Registered: 05/15/05
Posts: 3337
Loc: Poland
Hmm, interesting question,

I suppoe it depends on how much the 'philosophy' is actually taught as a philosophy. I mean, is there a philosophy to boxing and wrestling, fencing etc or is it something which just comes from being around other people and physical things you might learn in the club, on the mat etc?

I suppose several physical aspects might be picked up through training practice but not necessarily taught as philosophy (although being a part of it).

Example; keeping your temper. This might be taught as 'suppresion of ego, respect for others' etc. but it is really just a practical thing. If you start swinging just because the other guy caught you a good one, or p1ssed you off, then you'll put yourself at risk somehow. learning to keep your temper is a practical thing which can then transfer to everyday life (not driving like a suicide jockey or getting annoyed because someone else got the last packet of sweets in the shop). It also saves you engaging in a bit of road rage when the idiot in the Audi cuts infront whilst trying to overtake 4 cars on a blind bend.
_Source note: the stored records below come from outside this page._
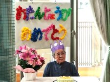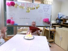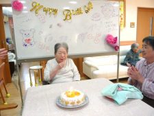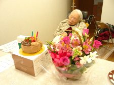 ♪♫ハッピーバースデー♪♫を歌ってお祝いをさせていただきました。お誕生日ケーキのろうそくをフーっと吹き消され「みなさん。今日はありがとうございます。みなさんも長生きしてください。」と、しっかりとご挨拶してくださいました。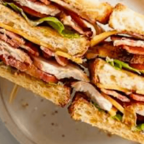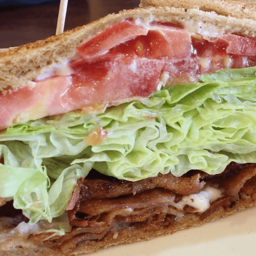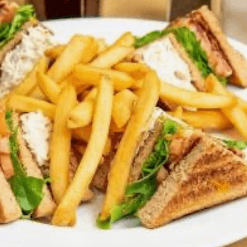 In house marinated grilled chicken breast on three slices of toast of your choice with crisp BACON,LETTUCE, TOMATO, mayonnaise with French fries and a pickle on the side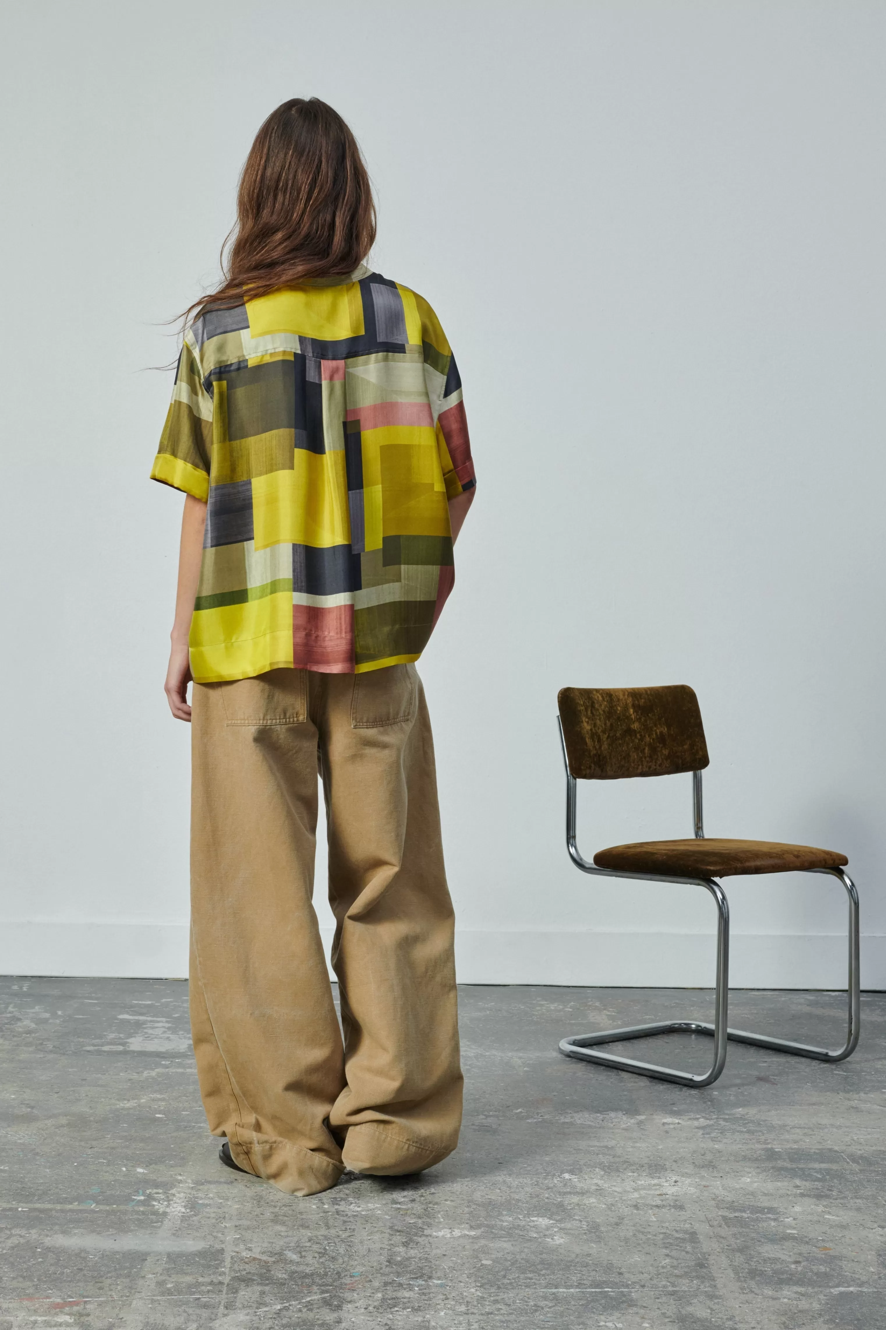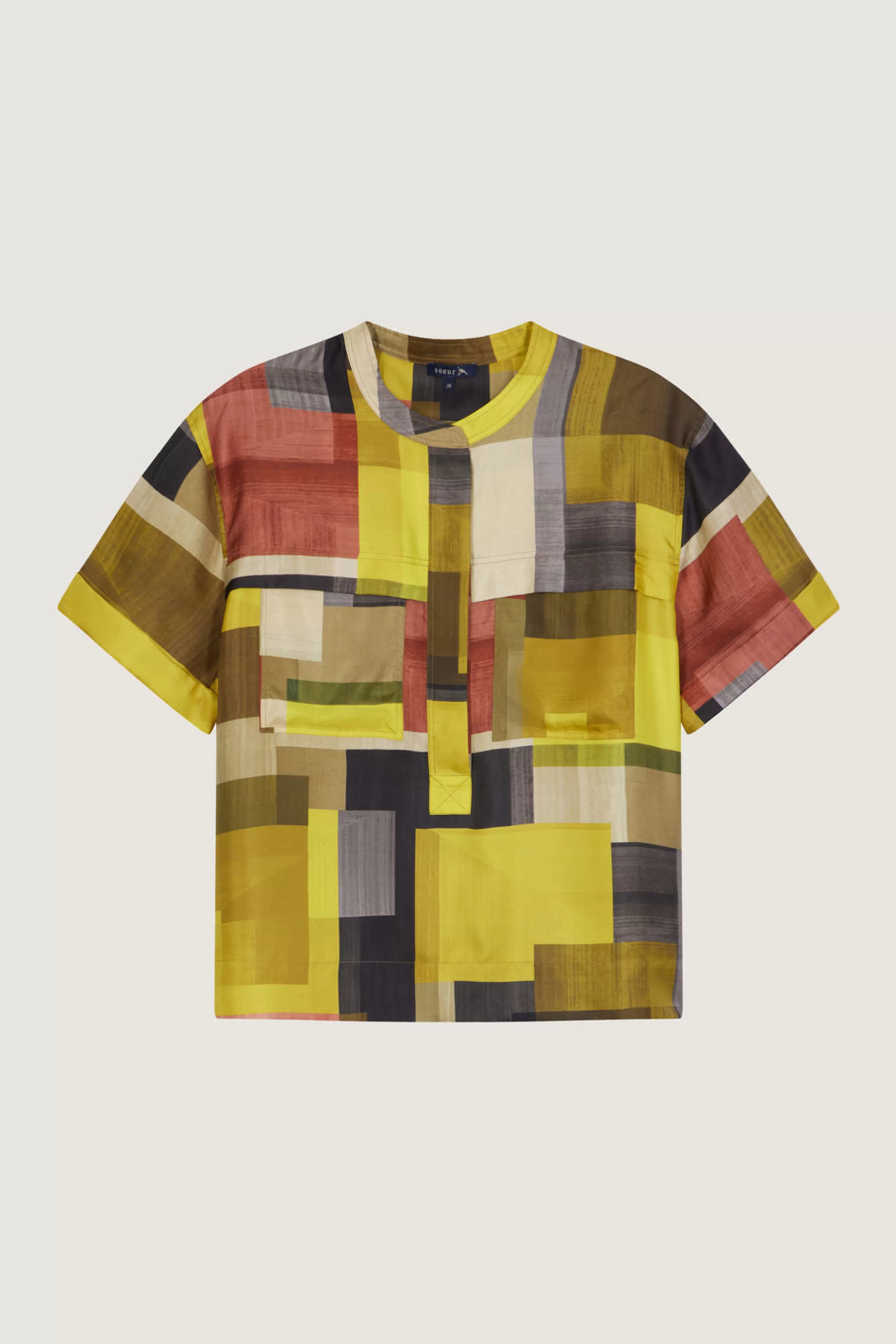 Blouse en twill de soie imprimé – Coupe droite et ample– Encolure ronde avec pied de col, ouverture boutonnée cachée– Manches courtes et larges à revers– Poches poitrines plaquées à rabat– Petites fentes sur les côtés

This might also transfer into training yourself to show restraint until the right moment. As a philosophy, it might be taught as 'yielding' or 'non-engagement', but it is also something which allows you time to gauge and measure, before going in and doing the job, hard and fast.

An example might be a business deal, a discussion or argument. The philosophy of yielding and using the opponents strength against them can also be used intellectually, allowing them to put a foot wrong before going in and doing the deed on them.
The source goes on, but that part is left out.